### Exercise
What is needed is an exact reproduction of the lines in the records below, starting at the line with "Деление обыкновенных дробей" and ending at the line with "Величина цветков варьируется", both included, and nothing else; pictures stay out.
################
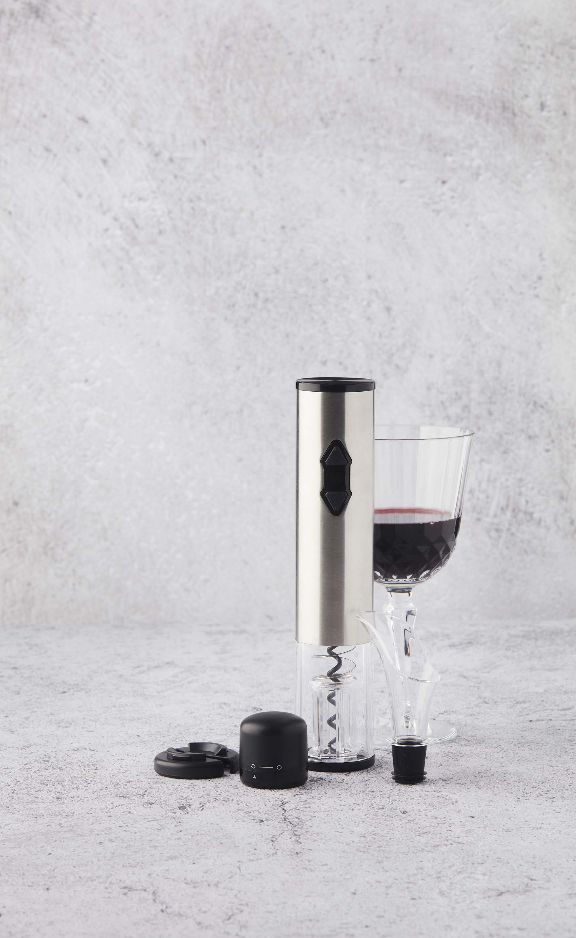 - 4-piece set: electric corkscrew, pourer, vacuum stopper, foil cutter
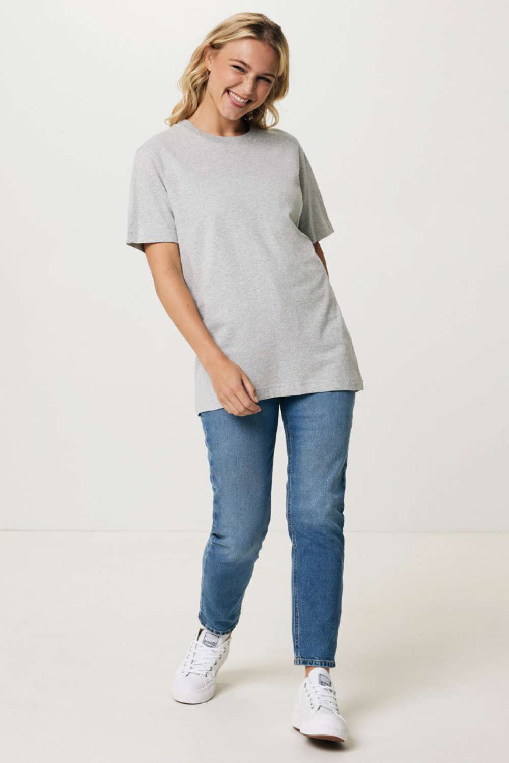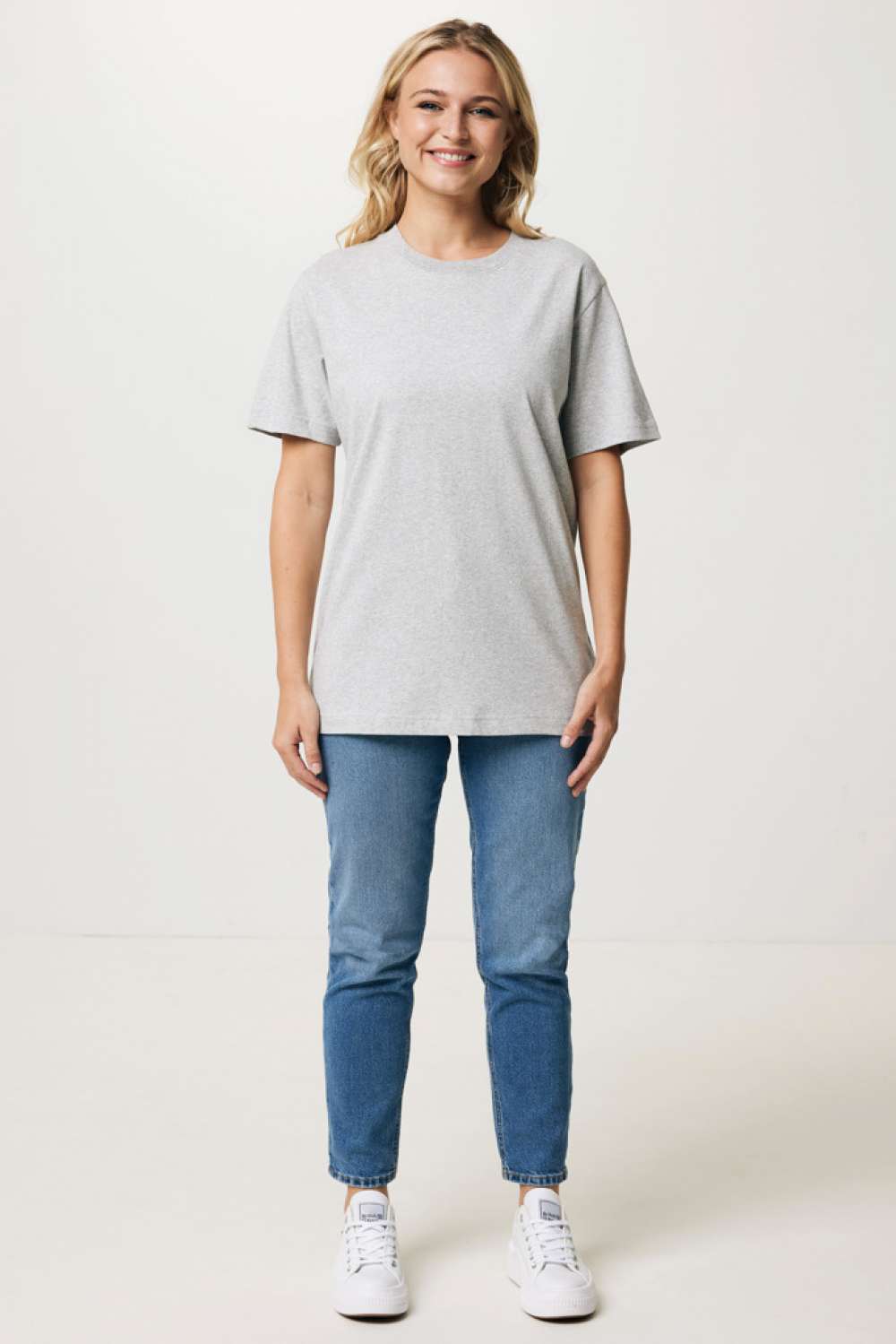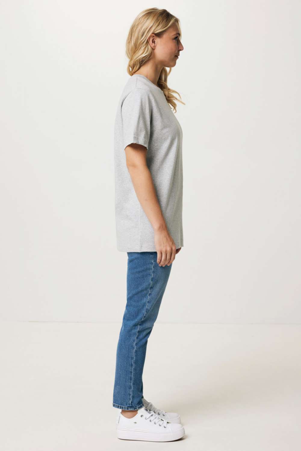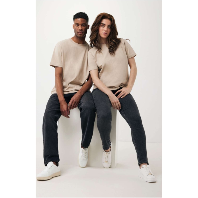 Unisex t-shirt relaxed fit tillverkad av 100% bomull, varav 50% återvunnen och 50% ekologisk, 180 G/M². T-shirten har en rund halsringning med 1×1 ribb. Användningen av äkta återvunnet och ekologiskt material samt påståenden om miljöpåverkan garanteras med hjälp av AWARE™, en fysisk spårare och blockkedjeteknik. Genom att skanna QR-koden får du tillgång till ett särskilt digitalt produktpass. 2% av intäkterna från varje såld produkt kommer att doneras till Water.org. Denna produkt är certifierad enligt OEKO-TEX® STANDARD 100 Centexbel. På grund av återvunna garner kan orenheter och färgvariationer förekomma.
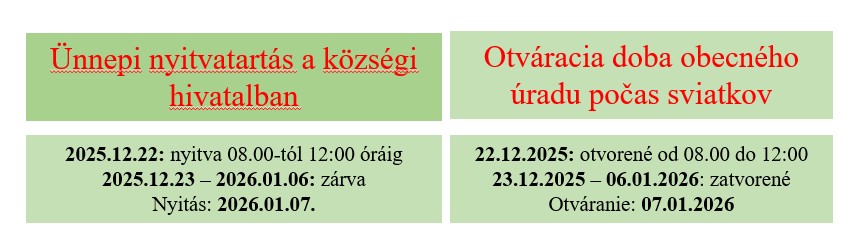 Az ebedi községi hivatal nyitvatartása az ünnepi időszakban
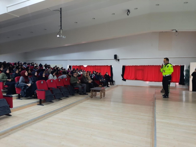 Trafik Denetleme Şube Müdürlüğü ekipleri, "2021-2030 Karayolları Trafik Güvenliği Strateji Belgesi" ve "2024-2027 Eylem Planı" çerçevesinde saha çalışmalarını aralıksız sürdürüyor. Bu kapsamda Şehit Davut Karaçam Kız Anadolu İmam Hatip Lisesi’nde düzenlenen programda, öğrencilerin trafikteki güvenliği mercek altına alındı.
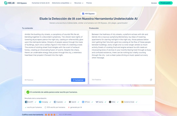 Otra gran ventaja de este perfeccionador de texto con IA es que puedes usarlo de forma gratuita con un límite de 125 palabras para probar la capacidad de HIX Bypass. Esta prueba te permite ver de primera mano la eficacia con la que funciona para evitar una variedad de detectores de IA, incluyendo GPTZero, Copyleaks, Content at Scale y el delicado Originality.AI.
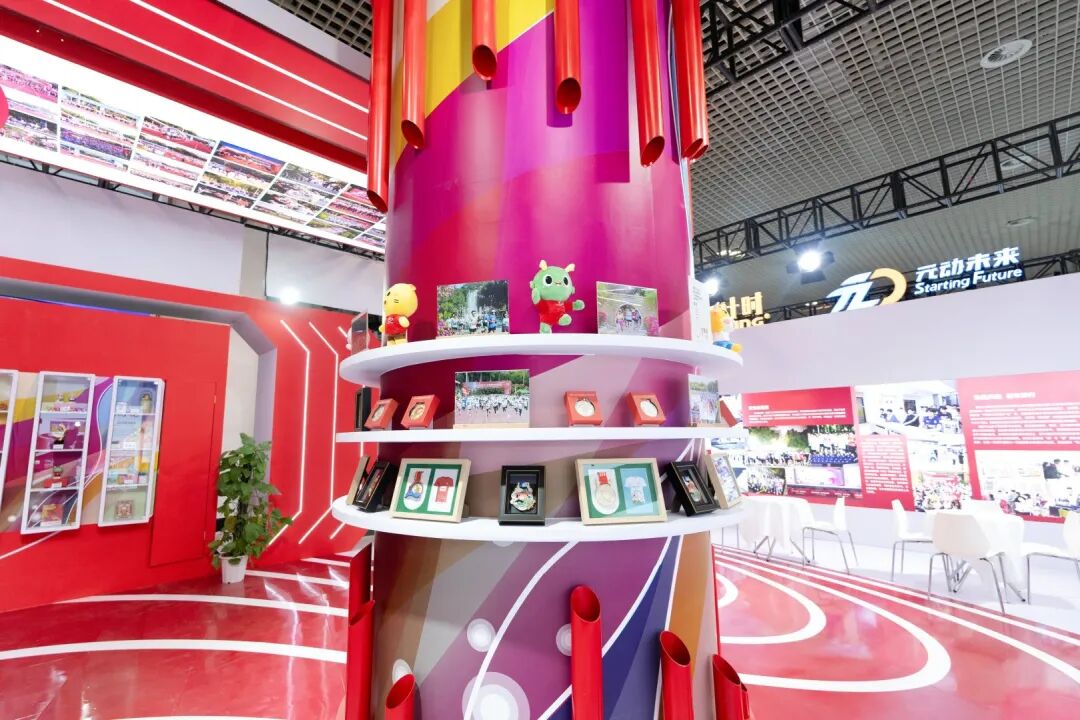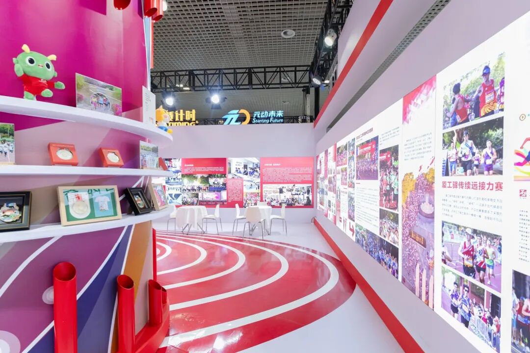 展区精心布置校园马拉松体育文化展示墙,各类赛事特色周边以及影音资料与宣传手册,多元化、多角度展现了学校历届赛事中的精彩瞬间和校园体育文化的丰富内涵与独特风采,以及我校在推动高端赛事与大众运动深度融合方面的大学体育实践成果。
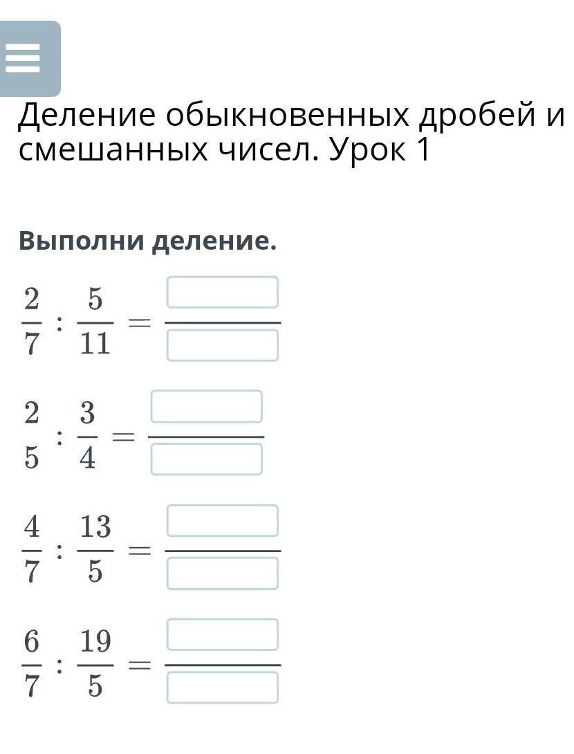 Деление обыкновенных дробей и смешанных чисел. Урок 1
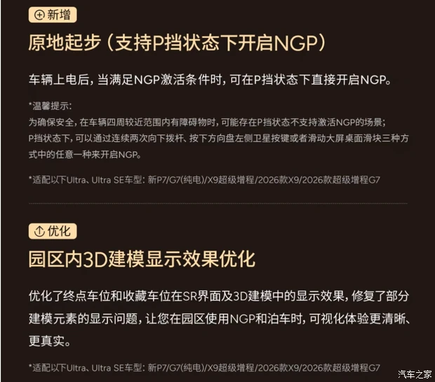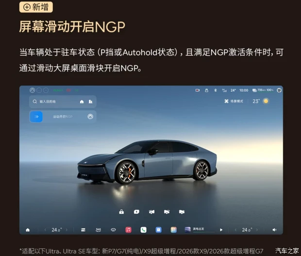 本次天玑AIOS 6.1.0推送覆盖多款主力车型,包括2026款小鹏P7+、G9、G6的Ultra及Ultra SE版本,G7超级增程版等均在升级范围内,全国小鹏门店同步支持相关升级服务。
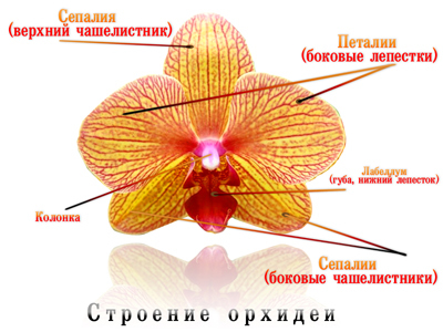 Величина цветков варьируется от нескольких миллиметров до 20-25 см. Чаще всего они собраны в соцветия, но иногда бывают и одиночными. Строение цветка характеризуется наличием центральной симметрии, благодаря которой они легко узнаваемы. Орхидеи имеют три сепалии (окрашенные чашелистники), которые чередуются с тремя петалиями (лепестками), подобно своим родственницам лилиям. Однако центральная петалия орхидеи трансформировалась в уникальную структуру, названную лабеллум, или губа. Форма и окраска губы у разных видов очень разнообразна, но назначение у неё одно - она служит "посадочной площадкой" для насекомых опылителей.
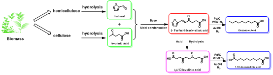 研究者针对中链脂肪酸难分离且奇数碳难制备的难题,开发兼具加氢活性和适宜Lewis酸酸性的Pd/C+W(OTf)6催化体系,其中W(OTf)6具有选择性切断呋喃环C-O键、内酯环C-O键及羟基C-O键而保留羧基氧的能力(图4)。以癸酸制备为模型反应最高得到94%的癸酸收率,同时以88%、85%和90%的收率分别实现了癸二酸、正庚酸和十一碳酸的高选择性制备。
################
### Output for this task
 Деление обыкновенных дробей и смешанных чисел. Урок 1
 本次天玑AIOS 6.1.0推送覆盖多款主力车型,包括2026款小鹏P7+、G9、G6的Ultra及Ultra SE版本,G7超级增程版等均在升级范围内,全国小鹏门店同步支持相关升级服务。
 Величина цветков варьируется от нескольких миллиметров до 20-25 см. Чаще всего они собраны в соцветия, но иногда бывают и одиночными. Строение цветка характеризуется наличием центральной симметрии, благодаря которой они легко узнаваемы. Орхидеи имеют три сепалии (окрашенные чашелистники), которые чередуются с тремя петалиями (лепестками), подобно своим родственницам лилиям. Однако центральная петалия орхидеи трансформировалась в уникальную структуру, названную лабеллум, или губа. Форма и окраска губы у разных видов очень разнообразна, но назначение у неё одно - она служит "посадочной площадкой" для насекомых опылителей.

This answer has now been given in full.